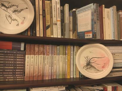 在我的書架上擺放著智量先生贈予的畫。那是幾年前他在上海第六人民醫院的病房里,畫在一次性的餐盤上的,兩幅蘭花,一束菊花,四只蝦,還有一幅無題畫:一只蝦被四只圍攻,遠處的兩只急急地前來,它們各個身軀僨張,除了中間被圍攻的那只。我們稱它為“蝦(瞎)斗”圖。
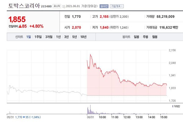 토박스코리아는 이날 장초반 상한가 목전인 2,155원까지 상승했으나 하락해 전일대비 4.80%(85원) 오른 1,855원에 장을 마쳤다.
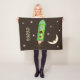 La couverture mignonne d'ouatine avec deux chiens et un chat dans une fusée verte embarquent le vol sous le croissant de lune de sourire. Arrière - plan de brun foncé. Personnalisez avec le nom de votre enfant.
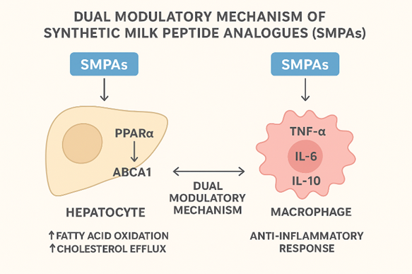 The schematic illustrates the proposed dual mechanism of synthetic milk peptide analogues (SMPAs). In hepatocytes, SMPAs activate PPARα and upregulate ABCA1, leading to enhanced fatty acid oxidation and cholesterol efflux. In macrophages, SMPAs suppress TNF-α and IL-6 while elevating IL-10, promoting an anti-inflammatory response. Together, these mechanisms contribute to the restoration of lipid and immune homeostasis
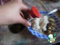 3. Смешиваем рис, грибы, добавить соевый соус Kikkoman 1 ст. л., соль, перец по вкусу. |
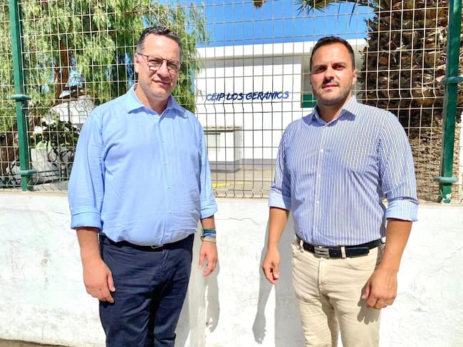 Visita oficial del consejero de Educación del Gobierno de Canarias al Ayuntamiento de Arrecife. El consejero junto al alcalde de Arrecife en el colegio Los Geranios / Cadena SER
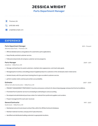 Build a professional parts department manager resume in minutes. Browse through our resume examples to identify the best way to word your resume. Then choose from 5+ resume templates to create your parts department manager resume.
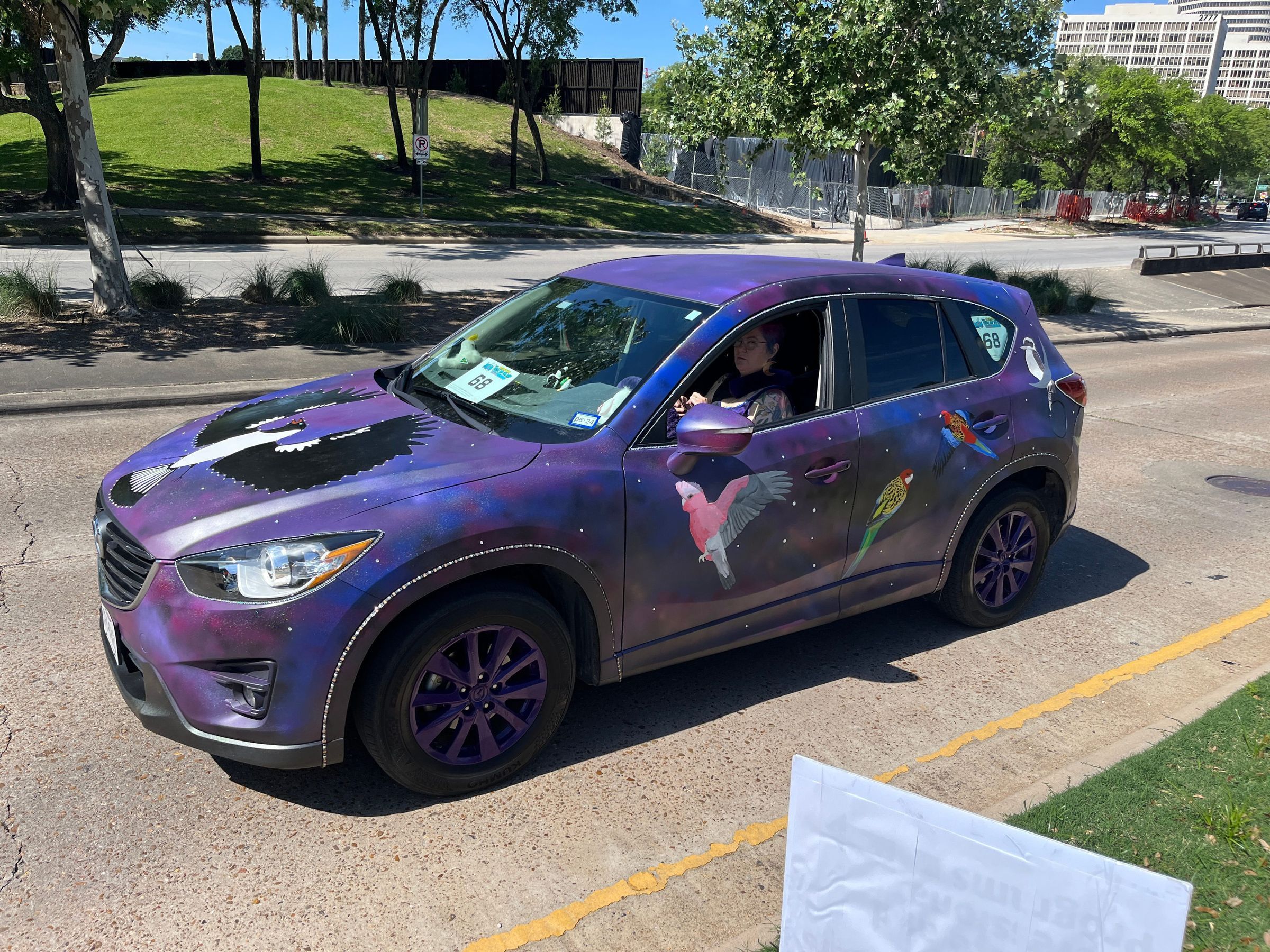 I’m looking forward to sharing my art with the community, and hanging out with my artcar family."
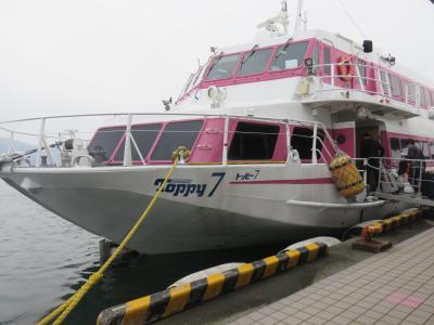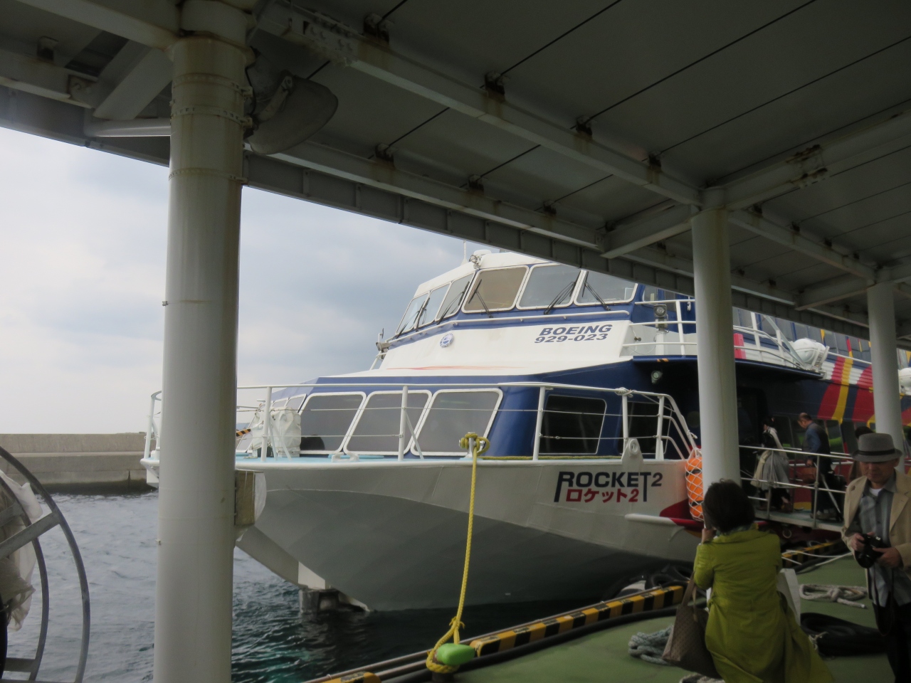 行きは指宿から屋久島の宮之浦港までトッピーで1時間15分、帰りは宮之浦港から鹿児島港までロケットで1時間50分。座席指定で平日でしたがほぼ満席でした。鯨やイルカが泳ぐ海域だそうで、シートベルト着用でなるべく歩き回らないようにということでした。屋久島に行くには、便利が良くて速い、いい乗り物だと思います。
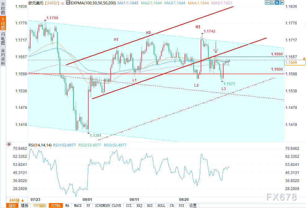 阻力位方面,1.1660水平尤为关键——此前空头正是在此位置成功突破临时上行轨迹的下轨,且该区间同时与“扩音器形态”的中轴重合。
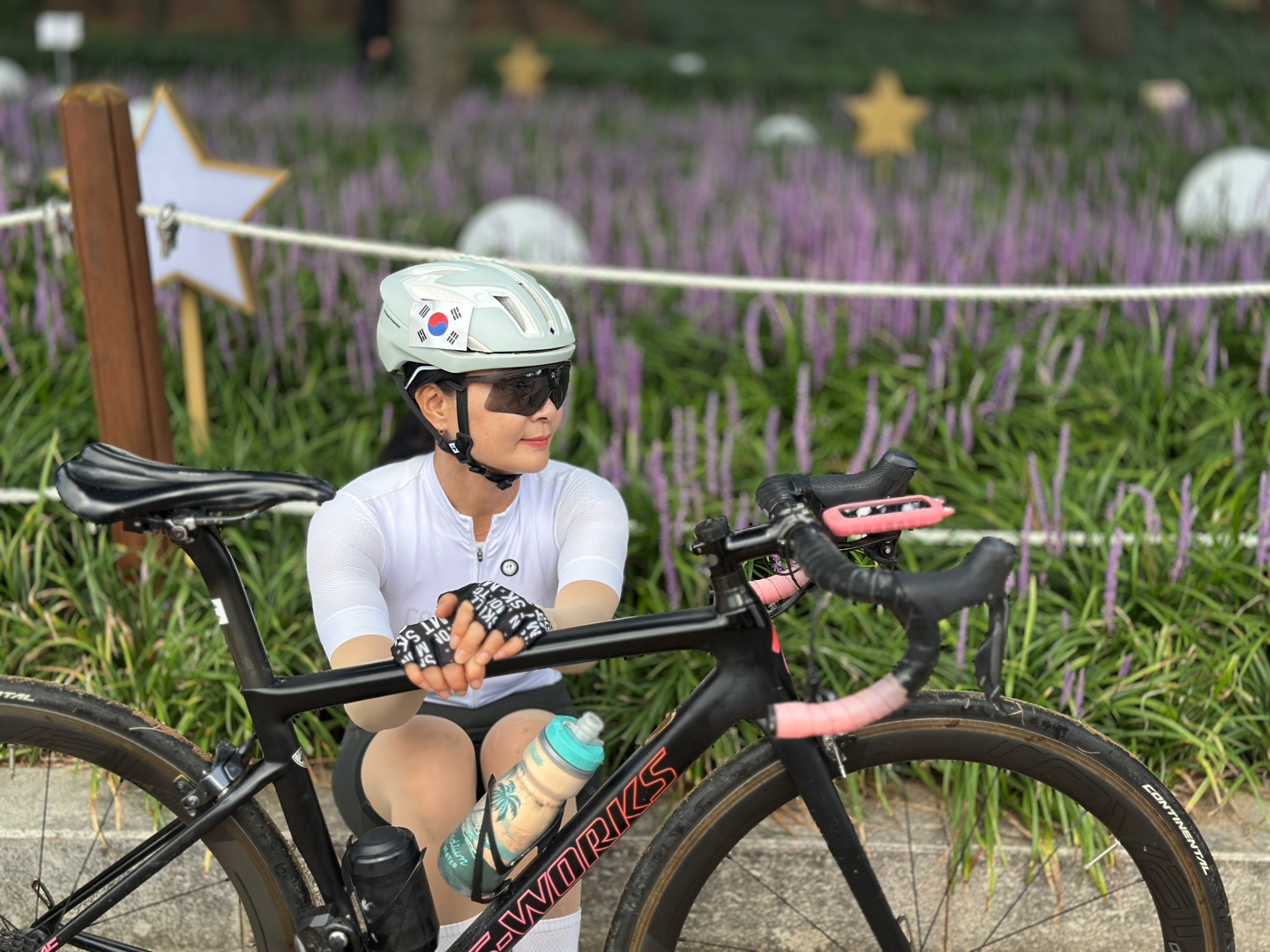 출발은 장항송림자연휴양림 제3주차장(송림동화)에서 했으며 출발 전에 막 피기 시작하는 맥문동꽃을 배경으로 인증샷을 찍고 금강자전거길을 향해 출발합니다.
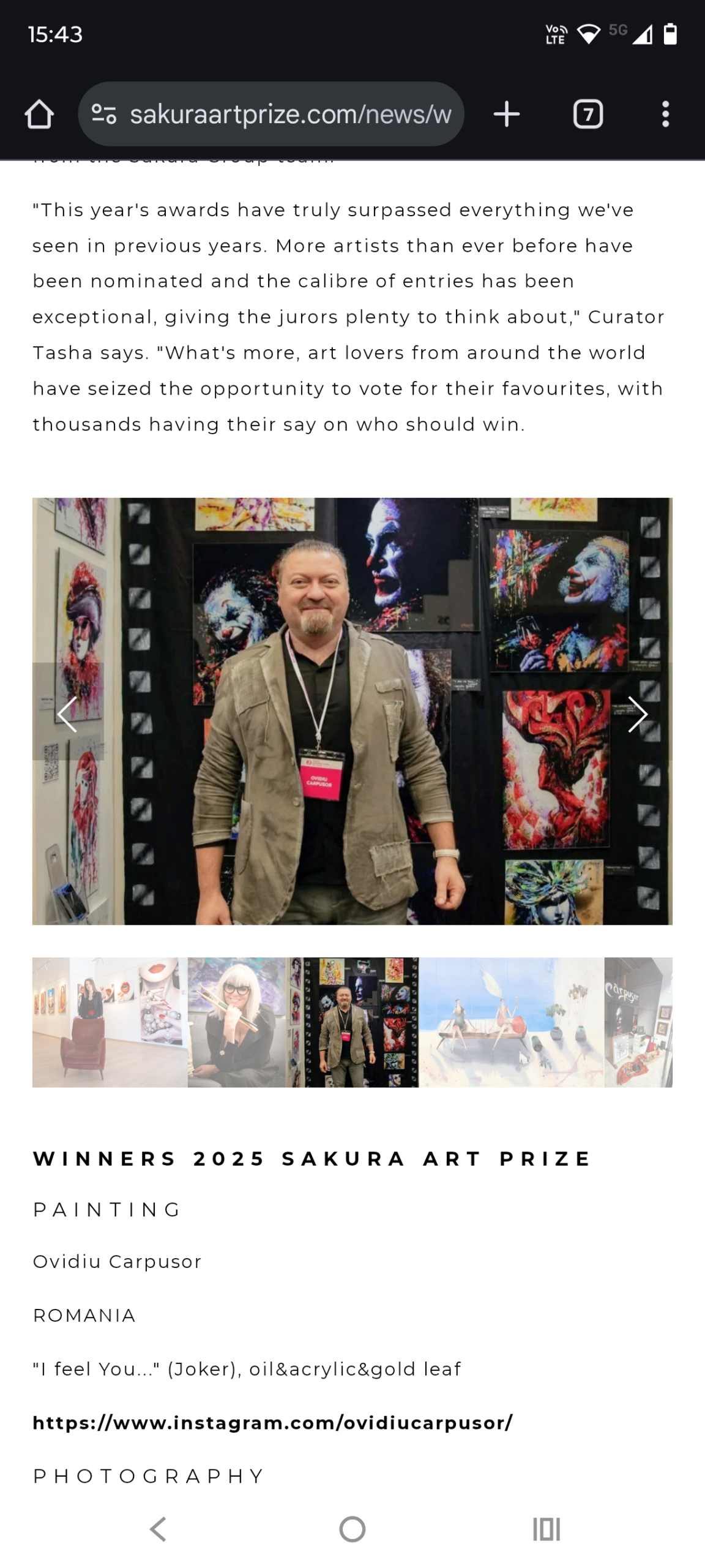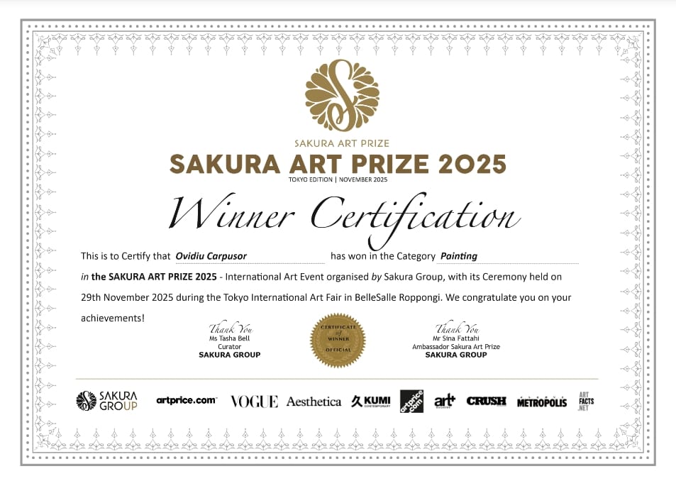 Această etapă a activității sale este consacrată de obținerea Marelui Premiu Internațional de Pictură – Locul I Mondial în cadrul competiției Sakura Art Prize, una dintre cele mai respectate platforme artistice internaționale. Desfășurată pe parcursul a opt–nouă luni și finalizată la Tokyo, competiția a reunit artiști de elită din toate regiunile lumii, selectați printr-un proces complex de jurizare și vot internațional. Accesul în marea finală a presupus atingerea unui prag minim de 100 de voturi, criteriu depășit cu mult de Ovidiu Cărpușor, care a acumulat peste 2.400 de voturi, devenind singurul artist român calificat în această etapă și intrând în marea finală de pe poziția a IV-a. În ultima fază, peste 80 de artiști internaționali au fost evaluați de o comisie formată din mai mult de 100 de specialiști — critici de artă, curatori, profesori universitari, galeristi, artiști și colecționari — care au desemnat, în urma deliberărilor finale, lucrarea semnată de Cărpușor drept cea mai valoroasă din punct de vedere artistic, tehnic și conceptual.
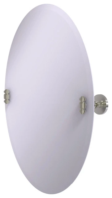 - Frameless 21 x 29 inch oval mirror with beveled edge

What is needed:
Each line between the one holding "Visita oficial del" and the one holding "출발은 장항송림자연휴양림 제3주차장(송림동화)에서", inclusive, should be copied exactly as it appears above, and pictures should be omitted.

The completed task:
 Visita oficial del consejero de Educación del Gobierno de Canarias al Ayuntamiento de Arrecife. El consejero junto al alcalde de Arrecife en el colegio Los Geranios / Cadena SER
 Build a professional parts department manager resume in minutes. Browse through our resume examples to identify the best way to word your resume. Then choose from 5+ resume templates to create your parts department manager resume.
 I’m looking forward to sharing my art with the community, and hanging out with my artcar family."
 行きは指宿から屋久島の宮之浦港までトッピーで1時間15分、帰りは宮之浦港から鹿児島港までロケットで1時間50分。座席指定で平日でしたがほぼ満席でした。鯨やイルカが泳ぐ海域だそうで、シートベルト着用でなるべく歩き回らないようにということでした。屋久島に行くには、便利が良くて速い、いい乗り物だと思います。
 阻力位方面,1.1660水平尤为关键——此前空头正是在此位置成功突破临时上行轨迹的下轨,且该区间同时与“扩音器形态”的中轴重合。
 출발은 장항송림자연휴양림 제3주차장(송림동화)에서 했으며 출발 전에 막 피기 시작하는 맥문동꽃을 배경으로 인증샷을 찍고 금강자전거길을 향해 출발합니다.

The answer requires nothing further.